# Water Softener as Ice Melt. Opinions Needed QUICKLY!!!!



## Aura Lawns (Jan 10, 2014)

I need ice melt and I have to use Water Softener, the question is should I use the Coarse or pellets? Which is more efficient, I will be using in a push spreader.

I need the advice quickly!!!!

Thanks in advance

ussmileyflag


----------



## Antlerart06 (Feb 28, 2011)

Solar salt isn't Icemelt but will melt ice. Here that's is only thing is left everybody is out stock of everything else for walks. It works but works slower then icemelt but faster then rock salt


----------



## myzx6 (Nov 17, 2013)

I used pellets the other day on a cpl resi and they worked ok, the pellets don't seem to dissolve all that well so I ended up busting them up as best as I could wich did make them more effective. After I was done I found an autoparts store that had half a pallet of ice melt left when I was getting parts for my truck. That was the only place I and apparently everyone else never thought to look for ice melt lol


----------



## blowerman (Dec 24, 2007)

I've used a few pallets of solar salt before with decent results. It's a product that's always available, our supplier charges the same price for 80lb bags of solar or rock salt, and if it doesn't get used up in spring I can use it at a few properties I own that have water softener units.
Think of it as a supplement that's easy to come by.


----------



## indplstim (Dec 4, 2008)

Here in Indianapolis most distributors are out of ice melt and rock salt altogether, some of the big box hardware stores have limited supply of salt/ice melt and solar salt available. walmart usually has solar salt as well at a reasonable price, 4.60 for 40# bags. never tried the big pellets, my tgs wouldnt agree with that. solar salt is basically the same thing as rock salt, just produced a different way, its all calcium cloride


----------



## indplstim (Dec 4, 2008)

if I was using a push spreader I would prefer solar salt over rock salt because it flows easier


----------



## OSCLandscaping (Nov 18, 2007)

indplstim;1775211 said:


> solar salt is basically the same thing as rock salt, just produced a different way, its all calcium cloride


No it is not all calcium chloride, it is all sodium chloride, big difference.


----------



## indplstim (Dec 4, 2008)

yea.thats what I meant. ...its been a long winter


----------



## indplstim (Dec 4, 2008)

wish I could find some c.c.


----------



## derekbroerse (Mar 6, 2004)

Salt is salt, it will work. Water softener salt is just a cleaner grade of salt and more comsistantly sized (as opposed to our bulk salt which has stones, fines and coarse salt in it...

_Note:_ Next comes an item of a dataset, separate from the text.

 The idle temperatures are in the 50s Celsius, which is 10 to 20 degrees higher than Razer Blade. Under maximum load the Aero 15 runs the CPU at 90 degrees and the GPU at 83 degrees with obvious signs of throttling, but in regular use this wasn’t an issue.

The last time we had a shortage in our area I was only salting one property, so I was still using bags. All I could get was the compressed salt pellets for softeners, but my ProFlo2 spread em like a champ! They were slooooooow to work at first but once traffic got to running over them they broke up and worked a whole lot better, did the trick for me!


----------



## Aura Lawns (Jan 10, 2014)

http://www.homedepot.com/p/Diamond-Crystal-Solar-Salt-40-lb-Extra-Coarse-Water-Softening-Salt-100012454/10017266972669

Is this what I should I buy? I NEED TO GO BUY SOON PLEASE HELP QUICKLY!!!!!

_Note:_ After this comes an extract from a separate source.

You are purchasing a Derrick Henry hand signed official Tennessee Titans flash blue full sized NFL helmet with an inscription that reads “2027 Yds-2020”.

Thank you SO SO SO much!!!


----------



## CowboysLC_DE (Aug 17, 2013)

The bigger chunks most likely won't spread with a walk behind spreader and you will most likely have issues with a tailgate spreader as well. I would definitely try to get the smaller pieces so they will spread easily. If not you might be putting a guy in the back and having him throw salt by hand.

Michael


----------



## nighthawk117 (Nov 29, 2008)

Aura Lawns;1775346 said:


> http://www.homedepot.com/p/Diamond-Crystal-Solar-Salt-40-lb-Extra-Coarse-Water-Softening-Salt-100012454/10017266972669
> 
> Is this what I should I buy? I NEED TO GO BUY SOON PLEASE HELP QUICKLY!!!!!
> 
> Thank you SO SO SO much!!!


That will work fine !! You can feel the size through the bag and there usually is a ripped bag on the bottom


----------



## nighthawk117 (Nov 29, 2008)

CowboysLC_DE;1775439 said:


> The bigger chunks most likely won't spread with a walk behind spreader and you will most likely have issues with a tailgate spreader as well. I would definitely try to get the smaller pieces so they will spread easily. If not you might be putting a guy in the back and having him throw salt by hand.
> 
> Michael


Really ? Have you tried it ? I have, and it flows much nicer than bulk straight salt , treated salt. There are no fines in the bags and the size is very consistent , plus it's completely devoid of moisture due to the sealed bags.


----------



## Antlerart06 (Feb 28, 2011)

Aura Lawns;1775346 said:


> http://www.homedepot.com/p/Diamond-Crystal-Solar-Salt-40-lb-Extra-Coarse-Water-Softening-Salt-100012454/10017266972669
> 
> Is this what I should I buy? I NEED TO GO BUY SOON PLEASE HELP QUICKLY!!!!!
> 
> Thank you SO SO SO much!!!


Yes that's what you want


----------



## Antlerart06 (Feb 28, 2011)

CowboysLC_DE;1775439 said:


> The bigger chunks most likely won't spread with a walk behind spreader and you will most likely have issues with a tailgate spreader as well. I would definitely try to get the smaller pieces so they will spread easily. If not you might be putting a guy in the back and having him throw salt by hand.
> 
> Michael


You are thinking about pellets not solar salt
Solar salt is the size of icemelt and spreads better then rock salt in a push spreader or a tail gate spreader that has a auger


----------



## kthunter33 (Mar 1, 2010)

I've recently used the same stuff and it worked good. I was between solar salt and Urea but for the price I thought I'd give it a try and it worked fine. I had no problem with it spreading out of my walk behind spreader. I wish they would put rock salt in those bags. They seem to keep the moisture out better than any other bags.


----------



## OSCLandscaping (Nov 18, 2007)

indplstim;1775255 said:


> yea.thats what I meant. ...its been a long winter


Yes it has



indplstim;1775257 said:


> wish I could find some c.c.


So do I


----------